The power ministry has written to the Cabinet Committee on Infrastructure to mandate a uniform 50% risk weight to bank loans for state-owned Power Finance Corporation (PFC) and Rural Electrification Corporation (REC), a move which could lead to banks doubling their exposure to these companies if it finds favour with the Reserve Bank of India (RBI).
The power ministry has proposed a uniform risk weight of 50% for these two infrastructure financing companies (IFCs).
At present, banks assign low risk weight only to top-rated IFCs, while others attract 100% risk weight. The proposal also seeks to raise the overall exposure limit of banks to PFC and REC to 25% of their capital funds. As per existing norms, bank exposure limit to non-banking finance companies in infrastructure is set at 20% of the total capital fund (capital and reserves).

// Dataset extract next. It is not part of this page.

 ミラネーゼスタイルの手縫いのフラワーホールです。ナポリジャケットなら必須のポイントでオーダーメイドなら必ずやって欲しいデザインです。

Risk weight is the proportion of loans which is counted towards total assets against which banks have to maintain statutory reserves. A high risk weight discourages lending by increasing the capital requirement for lenders. Under current norms, banks are allowed to assign risk weight as per their own internal assessment.

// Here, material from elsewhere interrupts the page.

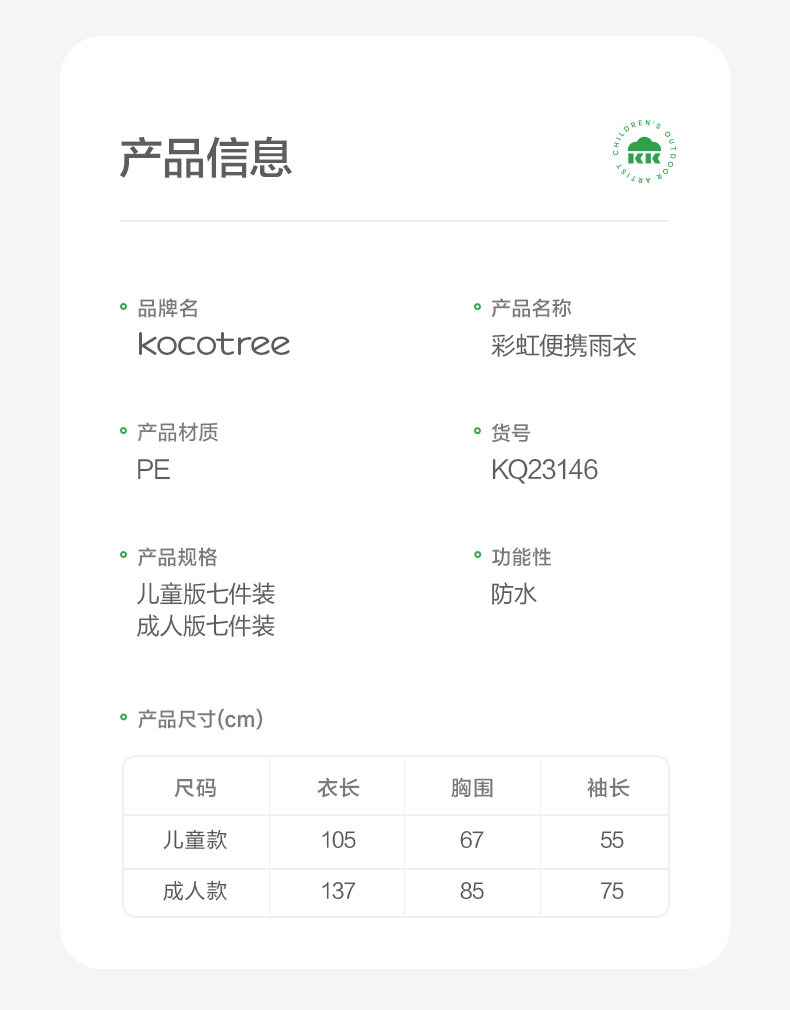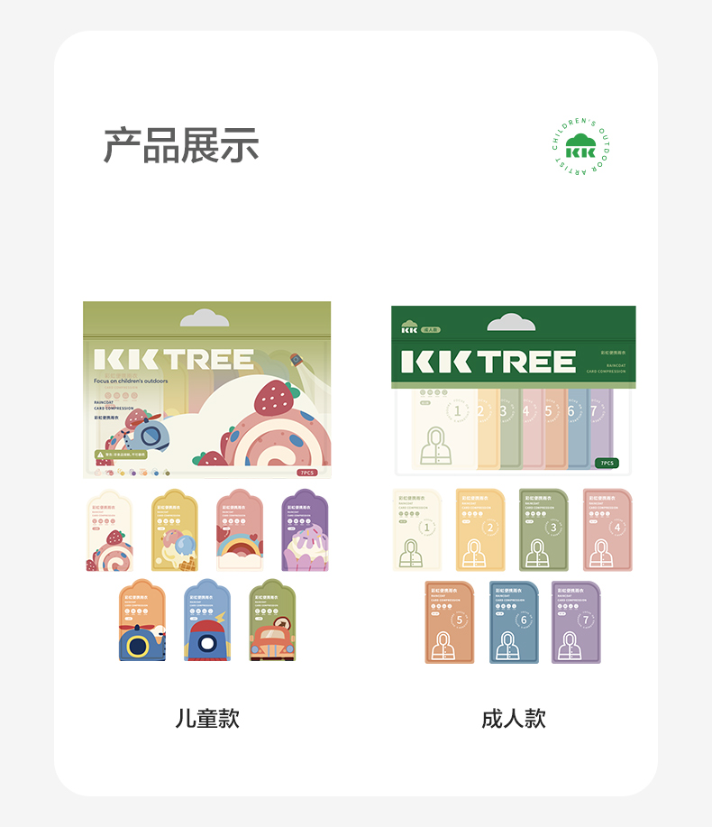 KK树一次性卡片雨衣便携式压缩雨披儿童全身防水加厚长款成人雨服
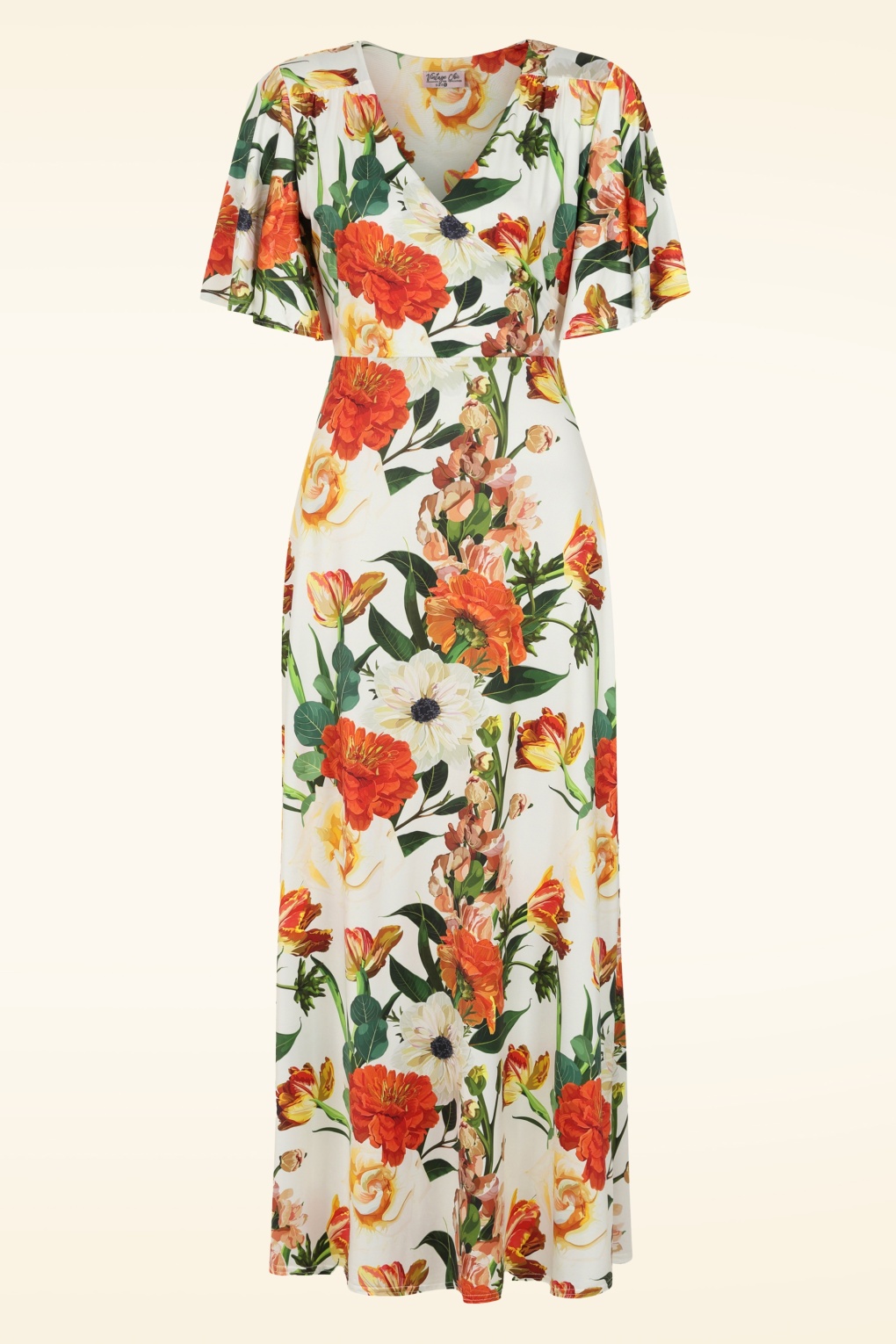 Home > Decade > 70s > Topvintage exclusive ~ Scarlet Floral Slinky maxi jurk in gebroken wit

“The note to CCI addresses the key issue of increasing funds for the power sector to narrow the widening energy deficit in the country. Once the committee takes a decision, it will be for the RBI to notify the new norms,” said a power ministry official asking not to be named.

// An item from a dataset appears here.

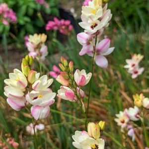 イキシア 昨年は翡翠色のビリディフローラだけ 育てたけど、今年はミックスの 球根を購入。 ヒョロヒョロな葉っぱから つぼみが出て来て花が咲く。 支柱とかの支えが必須💦 葉っぱは頼りない感じだから あっちこっちに下がっちゃう。 もうちょい育て易かったら 良いんだけどな…( -᷄ _ -᷅ )💭

In the proposal, the power ministry has said that banks could be advised to consider only 50% of their total funding to PFC and REC as power sector exposure while determining the industry exposure decided by each bank. This could be done by lowering the risk weight on loans extended these two IFCs. By doing so, banks could either double their exposure in PFC and REC or use the released capital to increase their overall funding to the power sector while staying within specified industry exposure norms.
“We attract 100% risk weight by banks and its lowering would definitely help to mobilise more funds for the sector,” said an REC official.
As per RBI data, public sector banks have a total exposure of over Rs 3 lakh crore to the power sector at the end of last financial year. The exposure of India’s largest bank State Bank of India to the sector is over Rs 32,000 crore. The demand for funds, however, is rising sharply with estimates suggesting the power sector may require over Rs 11 lakh crore during the 12th Plan period to commission projects crucial to bridge the country’s widening energy deficit.
“We feel that banks lending to IFCs like us should carry a lower risk weight as it qualifies as indirect risk for the lender with a portion of the risk being taken by specialised institutions like us. This would also help increase fund flows to the sector,” PFC chairman and managing director Satnam Singh said.
Under current norms, banks are allowed to assign risk weight as per their own internal assessment. “If the new norms are accepted, banks will be able to lend more and the interest rates may also go down,” said an official of a public sector bank.
India has a power generation capacity of about 200,000 MW and plans to add close to 100,000 MW during the 12th Plan period. For meeting this capacity addition huge fund is required. While power companies have bee given permission to raise money through ECB route to meet part of funding requirement, larger exposure of domestic banks is also considered important to boost the sector.